_Data excerpt_.
--

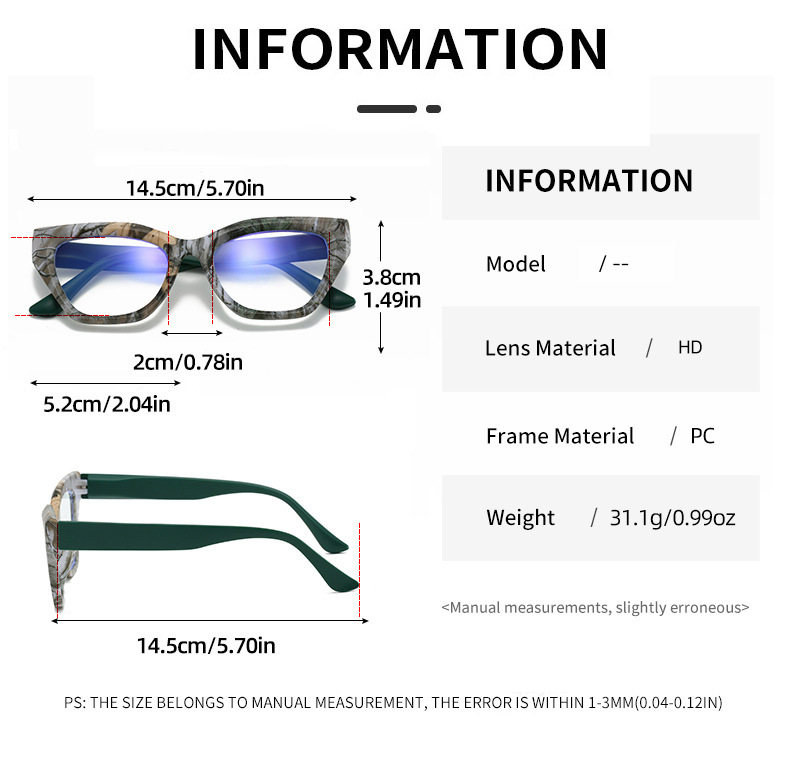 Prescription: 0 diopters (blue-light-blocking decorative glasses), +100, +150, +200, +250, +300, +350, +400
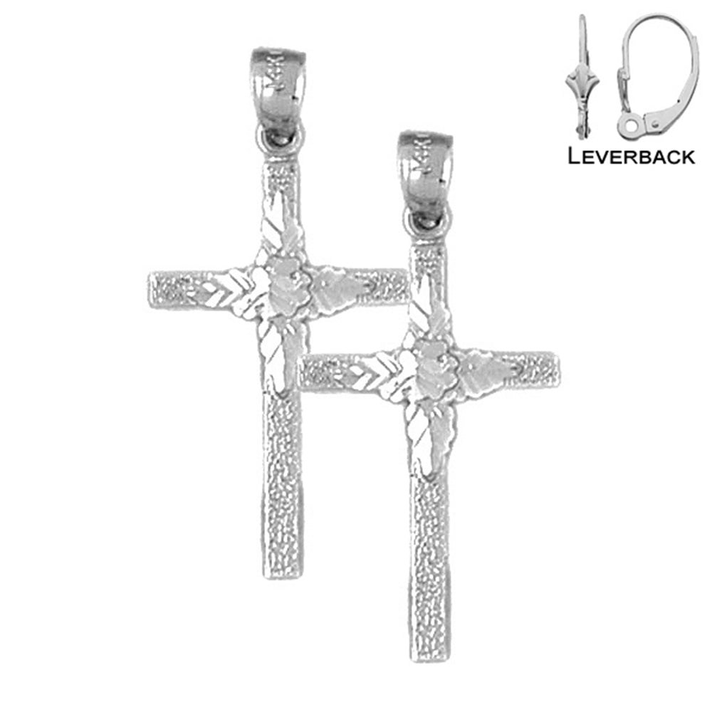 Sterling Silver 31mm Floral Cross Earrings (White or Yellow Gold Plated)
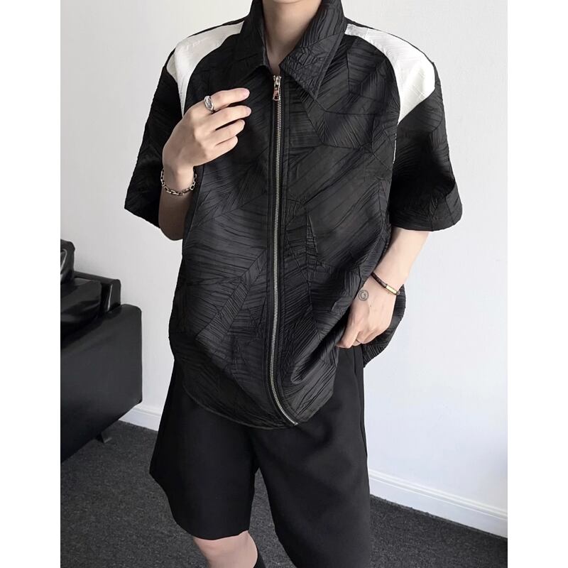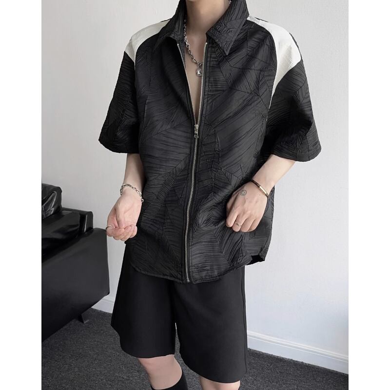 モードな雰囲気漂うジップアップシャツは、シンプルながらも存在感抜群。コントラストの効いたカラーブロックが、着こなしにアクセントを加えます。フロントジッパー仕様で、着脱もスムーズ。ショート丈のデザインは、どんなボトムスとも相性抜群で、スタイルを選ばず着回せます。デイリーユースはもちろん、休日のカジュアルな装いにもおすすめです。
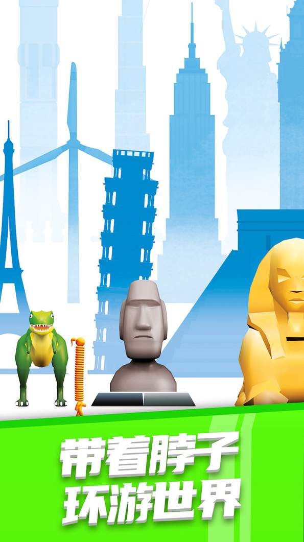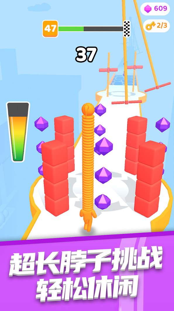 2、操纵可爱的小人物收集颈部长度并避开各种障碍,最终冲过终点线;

--

_Task objective_.
The copy must match the listing above exactly but contain no pictures.

_Answer box_.
 Prescription: 0 diopters (blue-light-blocking decorative glasses), +100, +150, +200, +250, +300, +350, +400
 Sterling Silver 31mm Floral Cross Earrings (White or Yellow Gold Plated)
 モードな雰囲気漂うジップアップシャツは、シンプルながらも存在感抜群。コントラストの効いたカラーブロックが、着こなしにアクセントを加えます。フロントジッパー仕様で、着脱もスムーズ。ショート丈のデザインは、どんなボトムスとも相性抜群で、スタイルを選ばず着回せます。デイリーユースはもちろん、休日のカジュアルな装いにもおすすめです。
 2、操纵可爱的小人物收集颈部长度并避开各种障碍,最终冲过终点线;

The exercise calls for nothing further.